> TASK BRIEF: Would you print the lines below exactly, beginning at the line that has "Le Sebago Portland" and stopping after the line that has "Rotorua is a"? Only those lines, and no pictures.

> RECORDED DATA:
%%

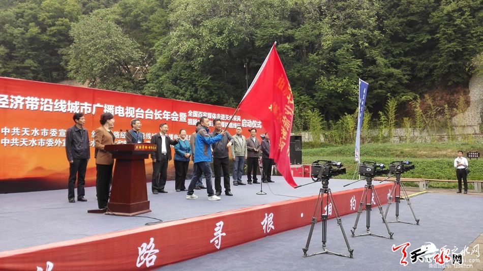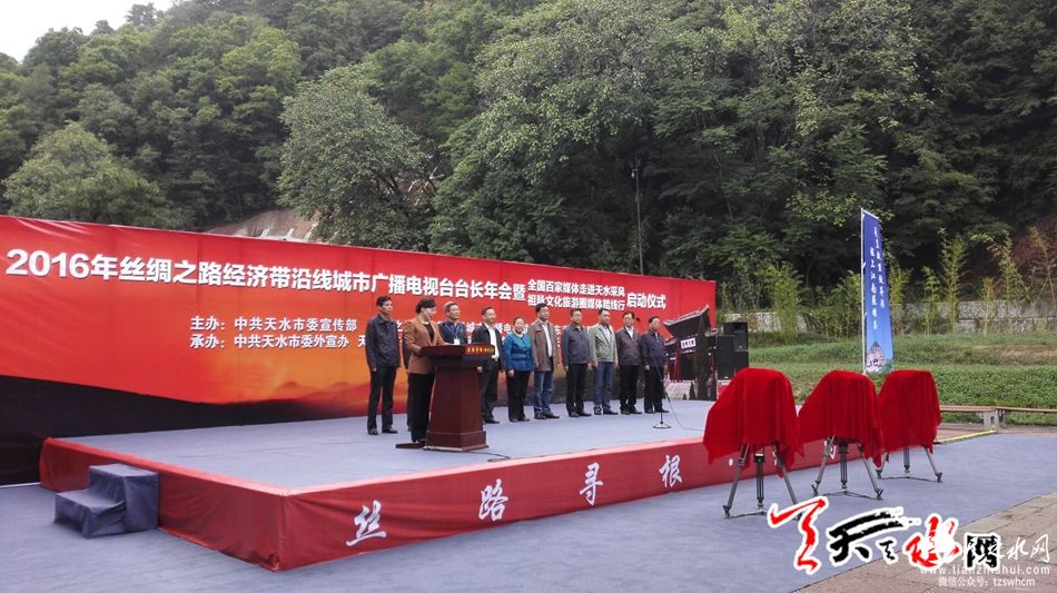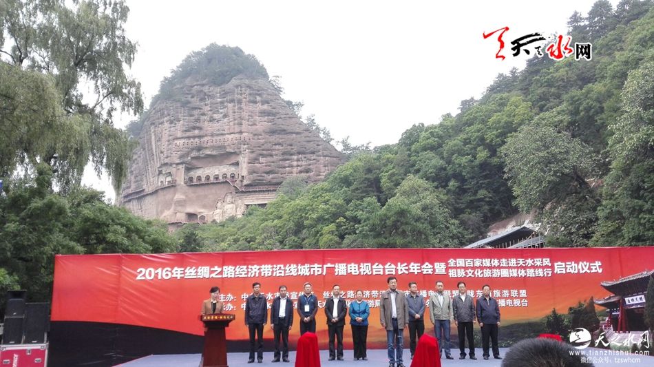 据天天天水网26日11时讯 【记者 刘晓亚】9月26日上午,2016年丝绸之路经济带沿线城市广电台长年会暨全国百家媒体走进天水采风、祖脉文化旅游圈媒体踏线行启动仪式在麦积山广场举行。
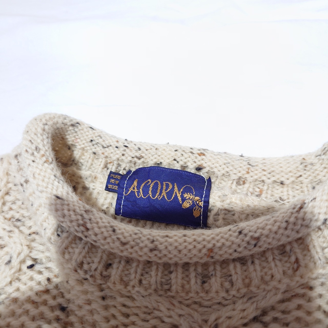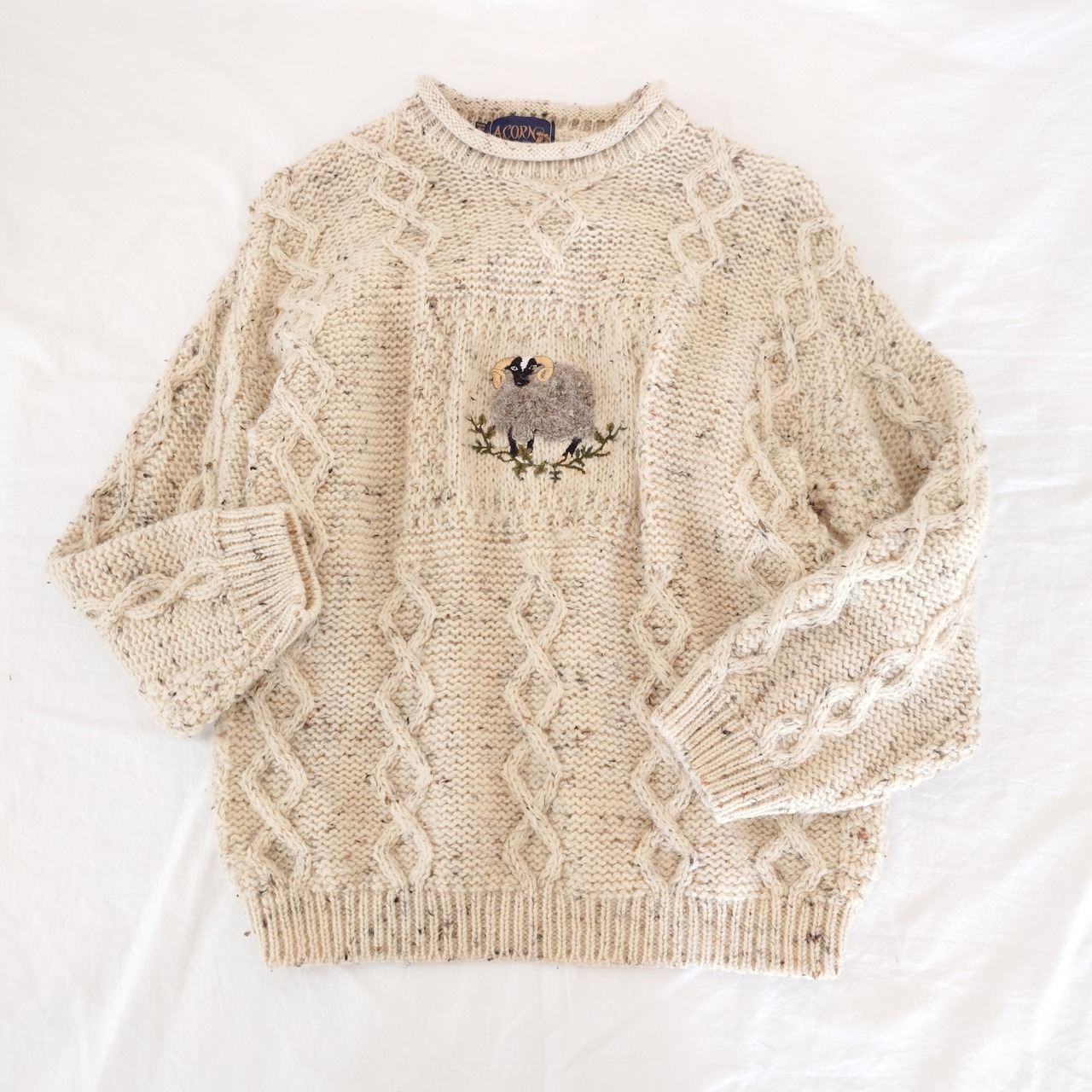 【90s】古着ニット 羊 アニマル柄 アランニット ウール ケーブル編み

%%
%%

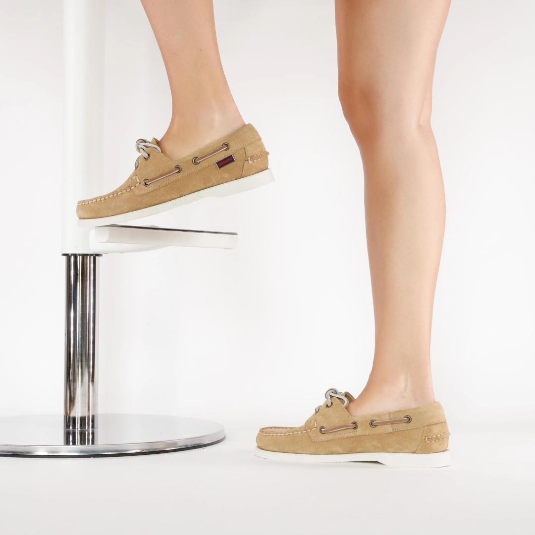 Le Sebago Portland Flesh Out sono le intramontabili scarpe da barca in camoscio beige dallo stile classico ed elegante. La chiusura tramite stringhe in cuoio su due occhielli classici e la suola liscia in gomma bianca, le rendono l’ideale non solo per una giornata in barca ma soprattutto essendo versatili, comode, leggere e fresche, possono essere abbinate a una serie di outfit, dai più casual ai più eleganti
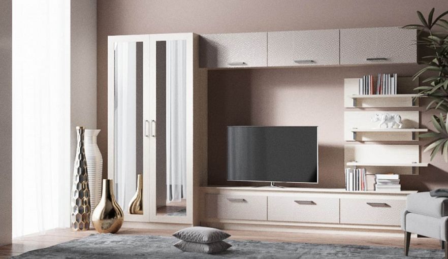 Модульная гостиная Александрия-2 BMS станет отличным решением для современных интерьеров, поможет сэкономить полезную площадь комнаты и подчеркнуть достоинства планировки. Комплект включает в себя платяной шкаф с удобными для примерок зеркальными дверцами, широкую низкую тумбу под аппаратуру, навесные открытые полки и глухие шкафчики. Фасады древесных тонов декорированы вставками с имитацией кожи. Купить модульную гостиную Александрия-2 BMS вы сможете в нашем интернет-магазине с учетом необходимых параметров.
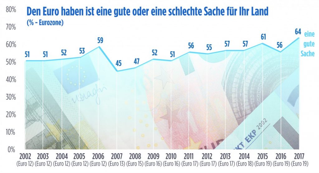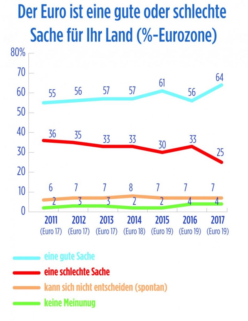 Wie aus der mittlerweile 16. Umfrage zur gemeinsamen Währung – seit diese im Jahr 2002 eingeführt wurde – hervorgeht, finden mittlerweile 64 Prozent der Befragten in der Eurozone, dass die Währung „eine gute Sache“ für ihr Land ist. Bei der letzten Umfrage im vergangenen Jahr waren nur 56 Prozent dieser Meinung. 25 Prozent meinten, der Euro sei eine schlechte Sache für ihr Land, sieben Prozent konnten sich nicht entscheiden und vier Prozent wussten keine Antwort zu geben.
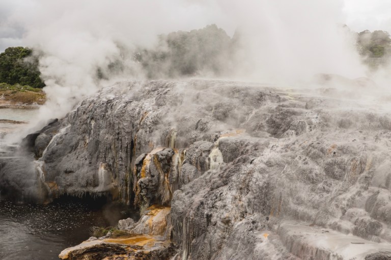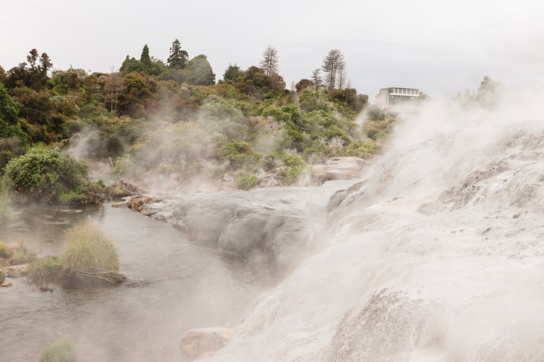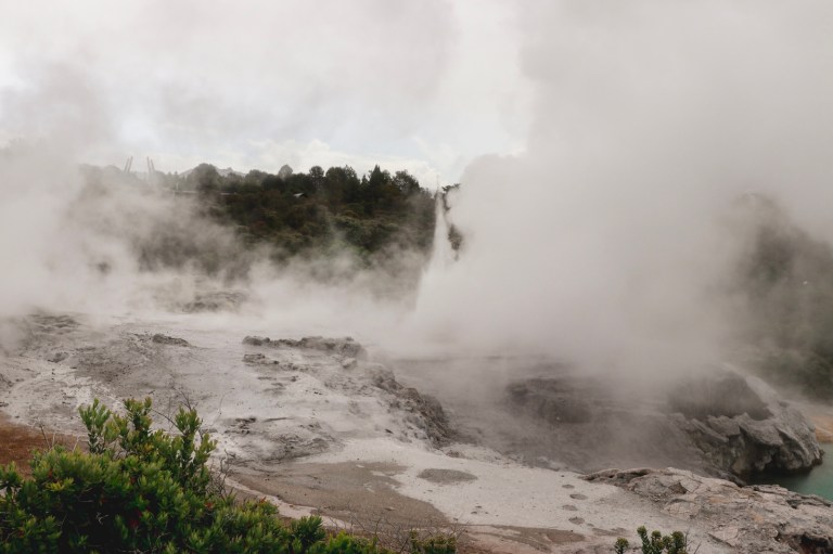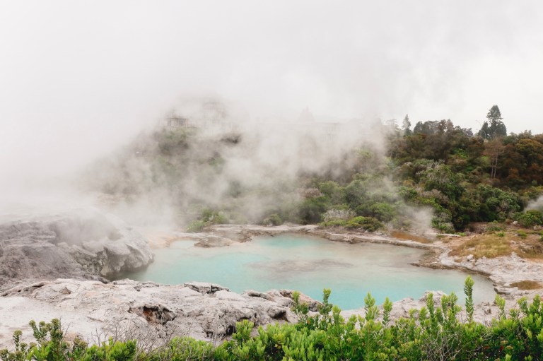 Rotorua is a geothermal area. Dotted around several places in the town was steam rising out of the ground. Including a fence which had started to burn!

%%
%%

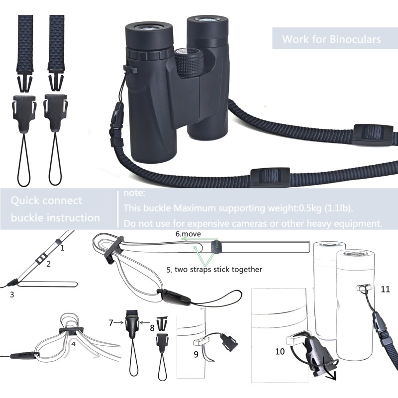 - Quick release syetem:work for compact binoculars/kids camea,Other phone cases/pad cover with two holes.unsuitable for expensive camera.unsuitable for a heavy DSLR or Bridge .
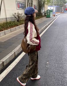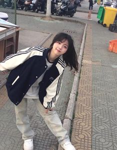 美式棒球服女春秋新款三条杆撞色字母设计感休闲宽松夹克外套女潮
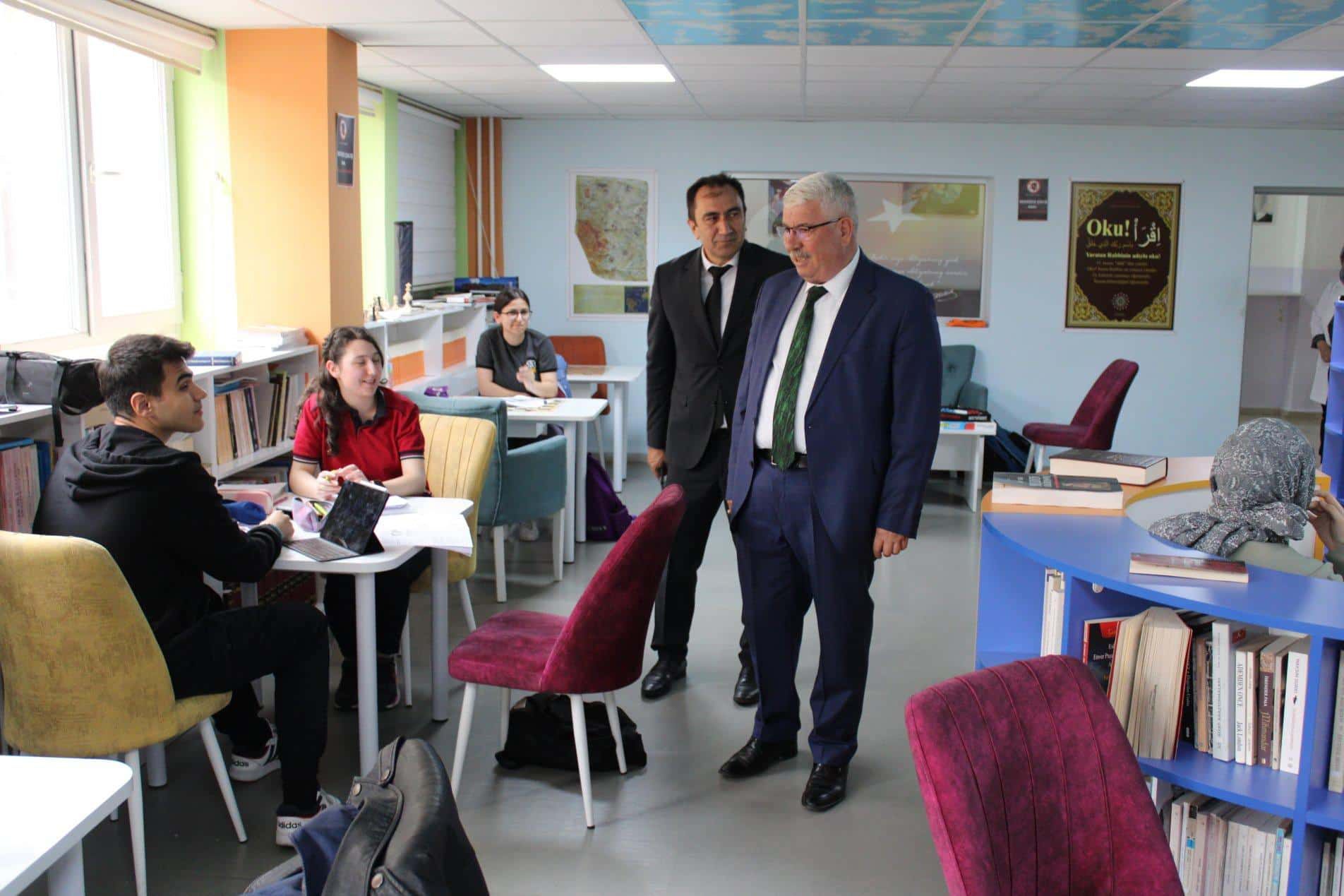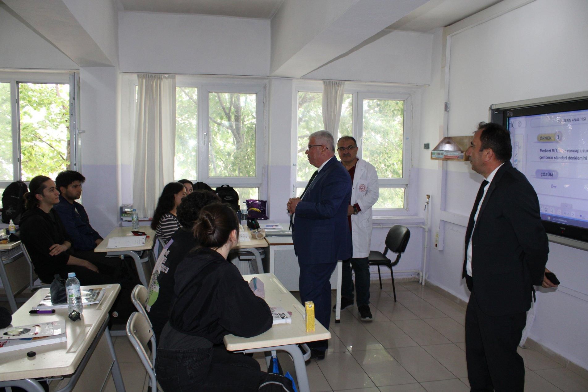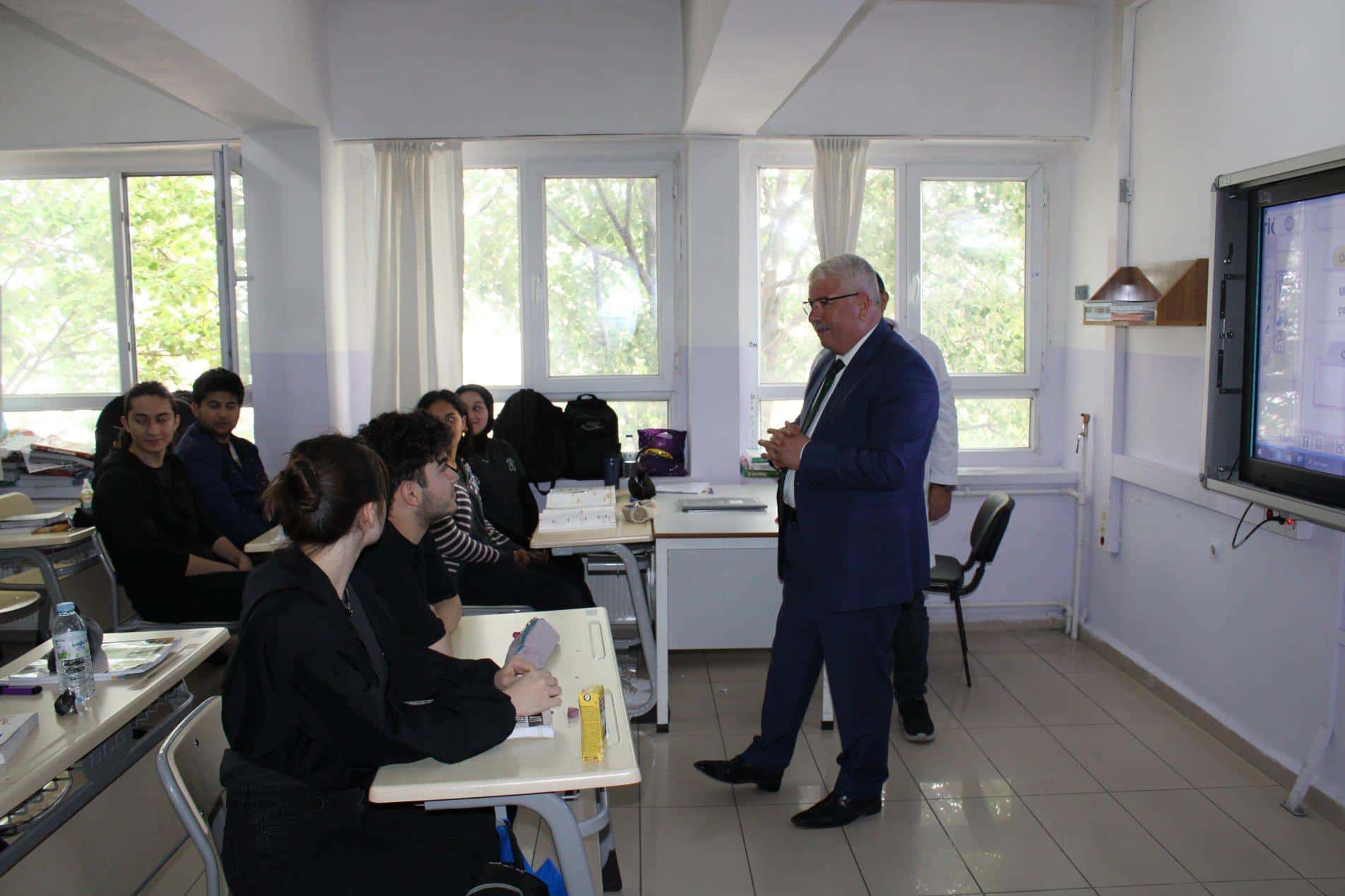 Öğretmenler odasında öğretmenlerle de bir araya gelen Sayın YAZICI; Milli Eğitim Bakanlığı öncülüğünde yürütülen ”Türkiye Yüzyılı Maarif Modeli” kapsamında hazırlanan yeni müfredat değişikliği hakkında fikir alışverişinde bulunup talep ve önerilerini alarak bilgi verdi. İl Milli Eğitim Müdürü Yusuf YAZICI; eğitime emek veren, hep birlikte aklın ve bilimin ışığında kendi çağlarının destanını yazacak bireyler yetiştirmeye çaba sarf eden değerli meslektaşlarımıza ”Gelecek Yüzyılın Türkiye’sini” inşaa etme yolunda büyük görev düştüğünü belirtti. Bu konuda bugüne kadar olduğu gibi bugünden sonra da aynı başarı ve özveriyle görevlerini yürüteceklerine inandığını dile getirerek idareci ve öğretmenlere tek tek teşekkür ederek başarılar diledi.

%%

> SOLUTION:
 Le Sebago Portland Flesh Out sono le intramontabili scarpe da barca in camoscio beige dallo stile classico ed elegante. La chiusura tramite stringhe in cuoio su due occhielli classici e la suola liscia in gomma bianca, le rendono l’ideale non solo per una giornata in barca ma soprattutto essendo versatili, comode, leggere e fresche, possono essere abbinate a una serie di outfit, dai più casual ai più eleganti
 Модульная гостиная Александрия-2 BMS станет отличным решением для современных интерьеров, поможет сэкономить полезную площадь комнаты и подчеркнуть достоинства планировки. Комплект включает в себя платяной шкаф с удобными для примерок зеркальными дверцами, широкую низкую тумбу под аппаратуру, навесные открытые полки и глухие шкафчики. Фасады древесных тонов декорированы вставками с имитацией кожи. Купить модульную гостиную Александрия-2 BMS вы сможете в нашем интернет-магазине с учетом необходимых параметров.
 Wie aus der mittlerweile 16. Umfrage zur gemeinsamen Währung – seit diese im Jahr 2002 eingeführt wurde – hervorgeht, finden mittlerweile 64 Prozent der Befragten in der Eurozone, dass die Währung „eine gute Sache“ für ihr Land ist. Bei der letzten Umfrage im vergangenen Jahr waren nur 56 Prozent dieser Meinung. 25 Prozent meinten, der Euro sei eine schlechte Sache für ihr Land, sieben Prozent konnten sich nicht entscheiden und vier Prozent wussten keine Antwort zu geben.
 Rotorua is a geothermal area. Dotted around several places in the town was steam rising out of the ground. Including a fence which had started to burn!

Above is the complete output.